Biographical information | Biography (by University of Massachusetts Boston)
Photojournalist François Sully, born in 1927 or 1928 in France, fought against the Nazis in the French Resistance as a teenager. He later joined the French Army which assigned him to Vietnam. After choosing to be discharged in Saigon in 1947, Sully became a correspondent for both Vietnamese and French publications including the French magazine Southeast Asia. By 1959, Sully was working for UPI. He wrote articles for Time and his photographs were carried by Black Star until Newsweek hired him in early 1961.
In September 1962, South Vietnamese President Ngo Dinh Diem expelled Sully. Unofficially, Diem intended the expulsion to serve as a warning to all journalists reporting the failings of his U.S.-assisted war against the Viet Cong. Sully worked in bordering countries until Diem's November 1963 assasination, when he returned to Vietnam.

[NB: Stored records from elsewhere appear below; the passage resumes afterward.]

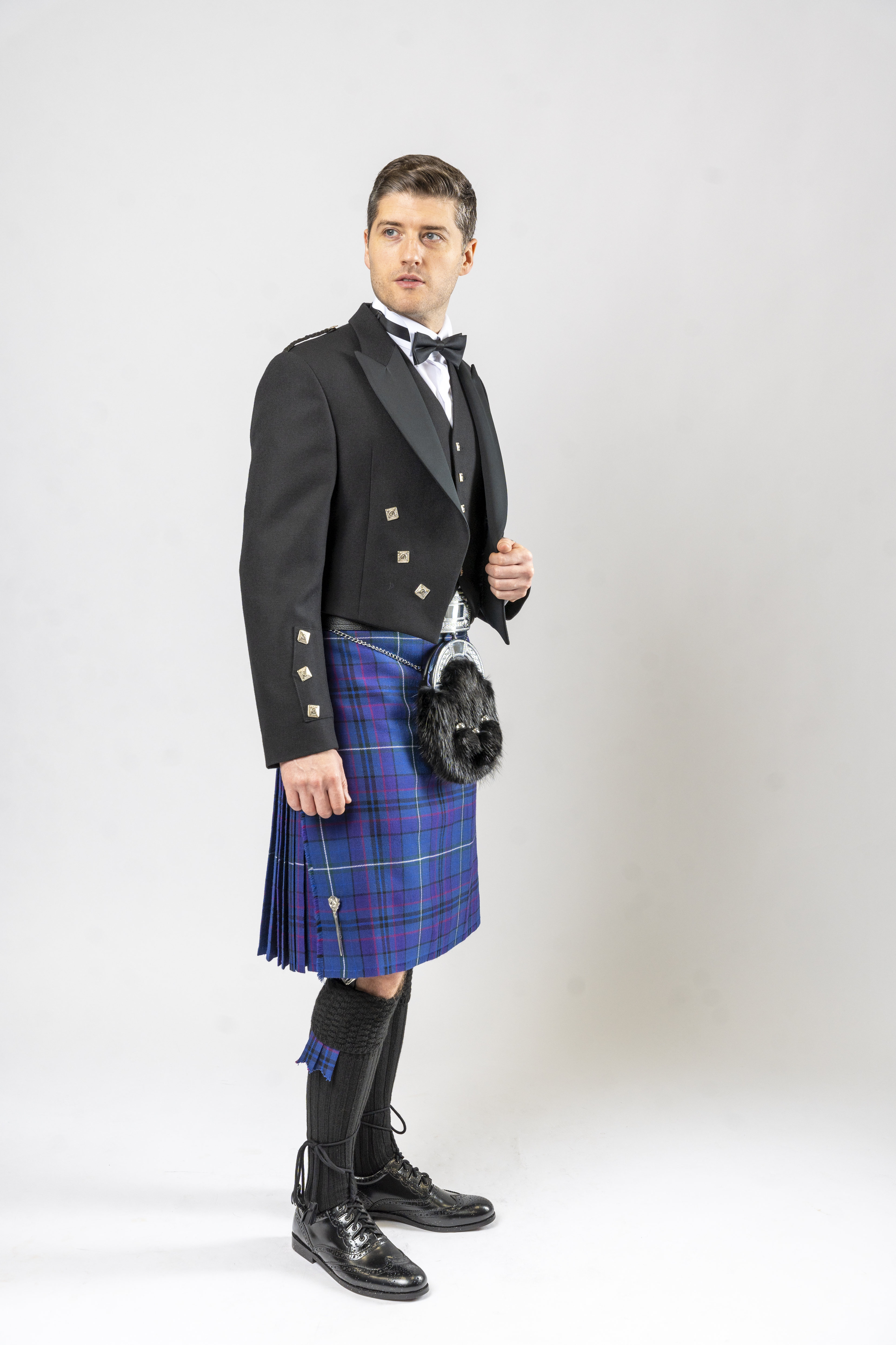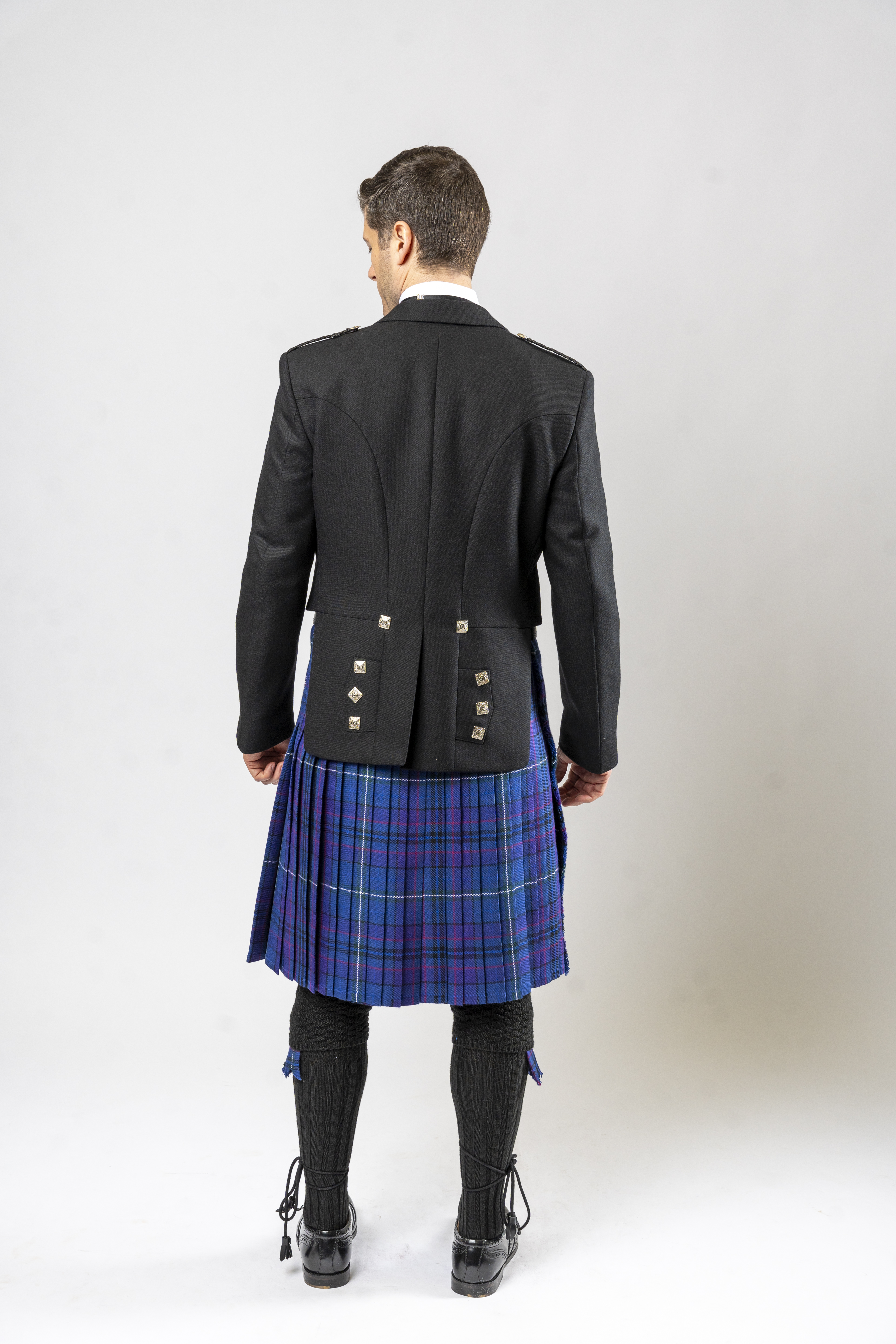 One of the earliest and most iconic styles of traditional Scottish Highland dress, this ensemble is celebrated as one of the smartest and most formal. The jacket features a classic tail design at the back and silver dress buttons on both the jacket and five-button waistcoat, exuding timeless elegance. Twisted-style epaulets are thoughtfully designed to accommodate a groom’s plaid, making it perfect for weddings or ceremonial occasions.
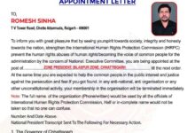 रायगढ़/बिलासपुर . अंतर्राष्ट्रीय मानव अधिकार संरक्षण आयोग के छत्तीसगढ़ प्रदेश अंतर्गत जिला रायगढ़ के जिला…
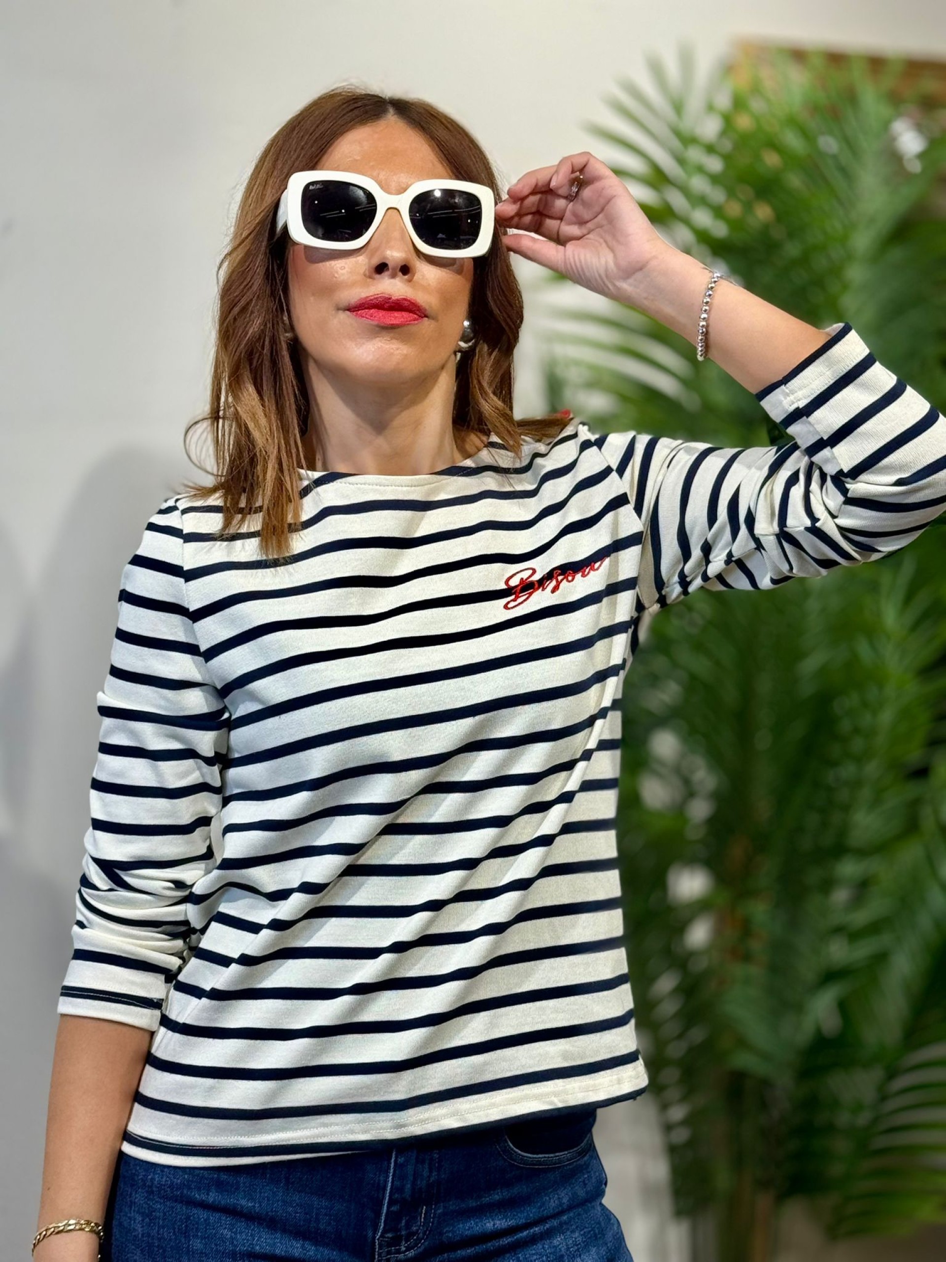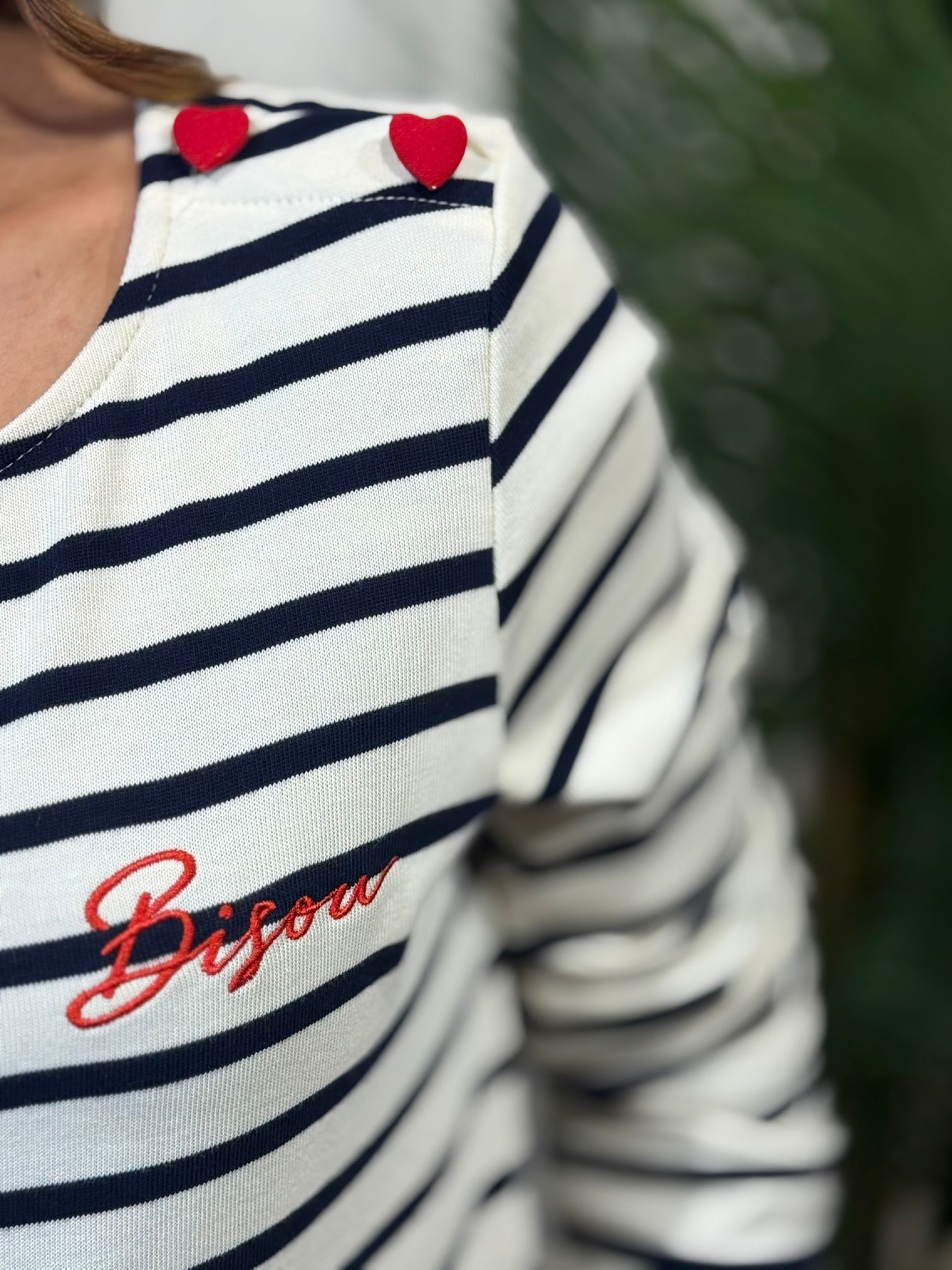 Camiseta Rayas Botón Corazón. Manga larga y tejido de algodón de alta calidad. Botones forrados con forja de corazón.
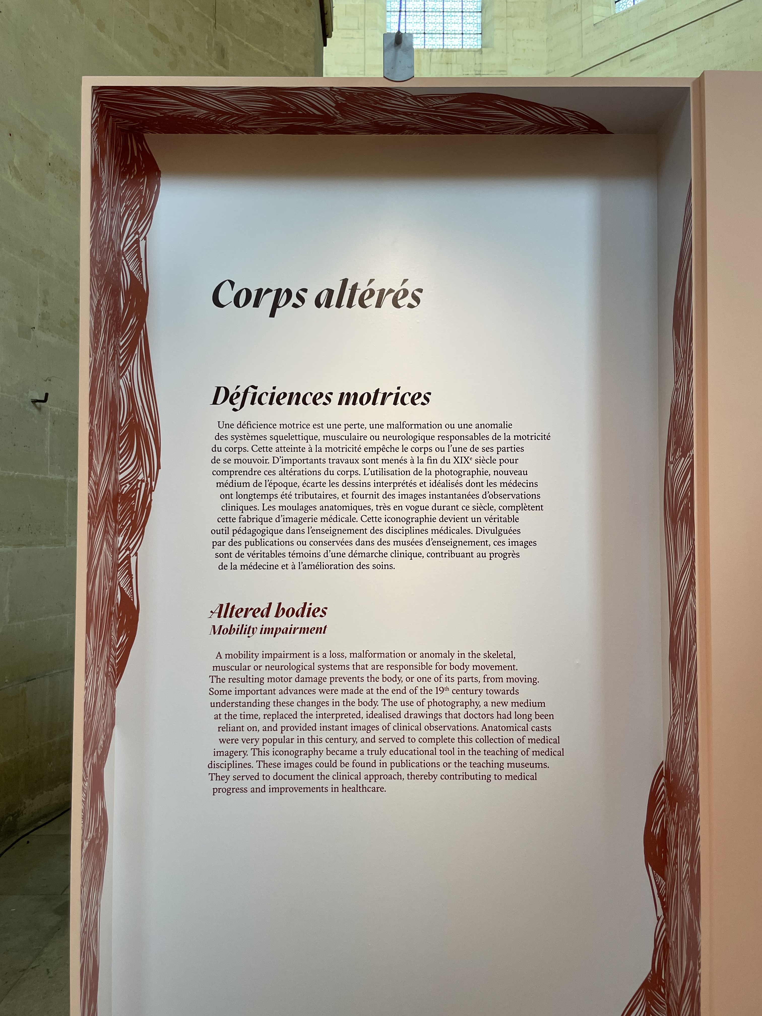 Creation of signage for the Corps Mouvementés exhibition at the Pitié Salpêtrière chapel
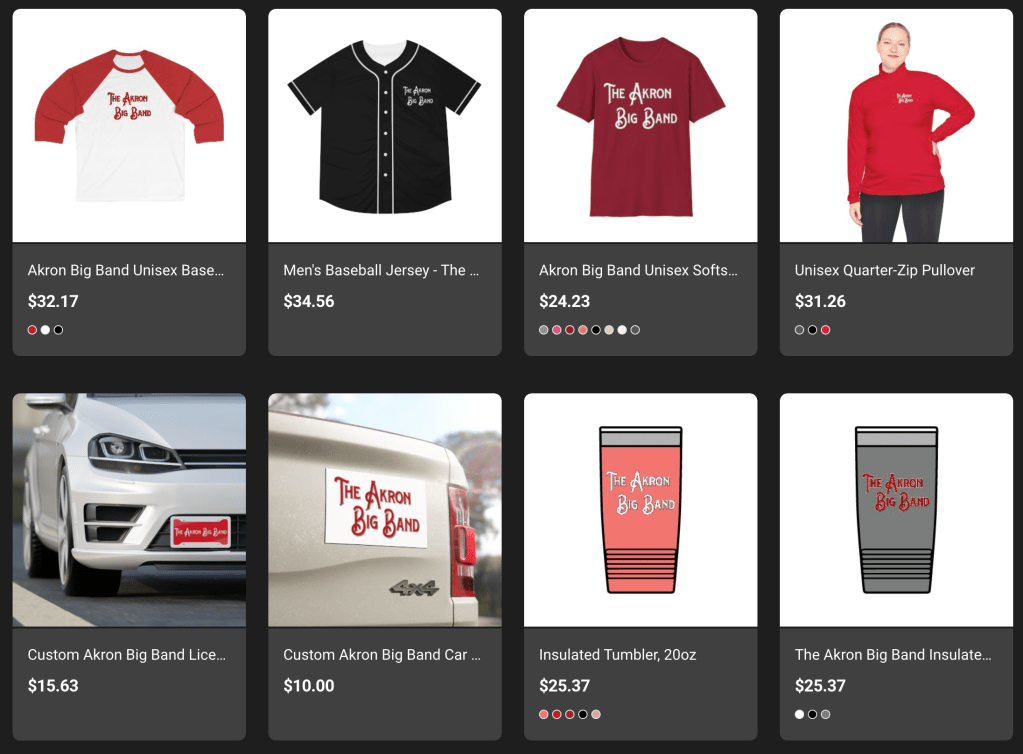 Visit our Merch Floor for Akron Big Band products! Below is just a sample of some of our merch!
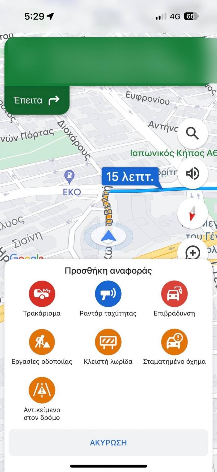 Ειδικότερα, μέσω της εφαρμογής οι οδηγοί μπορούν να αναφέρουν ένα περιστατικό χάρη στην ενότητα «Προσθήκη Αναφοράς» (δείτε παρακάτω), παρέχοντας ενημέρωση στους υπόλοιπους χρήστες του οδικού δικτύου. Η σχετική λειτουργία ανατροφοδότησης από τους οδηγούς είναι ιδιαίτερα χρήσιμη, καθώς μπορεί να περάσει ώρα μέχρι να ενημερωθεί το σύστημα της.
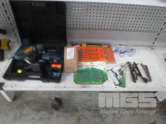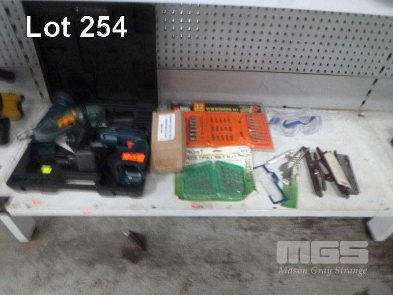 BLACK & DECKER CORDLESS DRILL, CHARGER & BATTERY, UNVERSAL CUTTER, DRILL BITS, ETC

Although Newsweek was Sully's primary employer until his death in a helicopter crash in March 1971, he also wrote for a number of other newsmagazines including The Nation and The New Republic. In 1967 and 1968, Sully wrote articles for McGraw-Hill's business-reporting service World News which distributed them to Business Week, Medical World News, Engineering News Record, and other publications. In addition to writing news stories and taking photographs, Sully wrote Age of the Guerilla: the New Warfare (New York: Parent's Magazine Press, 1968; reprinted by Avon, 1970) and compiled and edited We the Vietnamese: Voices from Vietnam (New York: Praeger, 1971).
For context, see Francis D. Faulkner's Bao Chi: The American News Media in Vietnam, 1960-1975 (Dissertation: University of Massachusetts, 1981; Ann Arbor, Michigan: University Microfilms International, 1981). For more biographical information, see Newsweek September 17, 1962, page 68, or March 8, 1971, page 75.
Papers & photographs
The papers of Francois Sully consist of stories Sully wrote for Newsweek and other newsmagazines, material he used in editing We the Vietnamese: voices from Vietnam, and subject files he used as background information for his newstories, including articles and clippings published in the United States and both South and North Vietnam, government and military press packages, captured documents, etc. This collection also contains contact sheets, negatives, and submission sheets Sully sent to Newsweek, color slides, and military publicity photographs.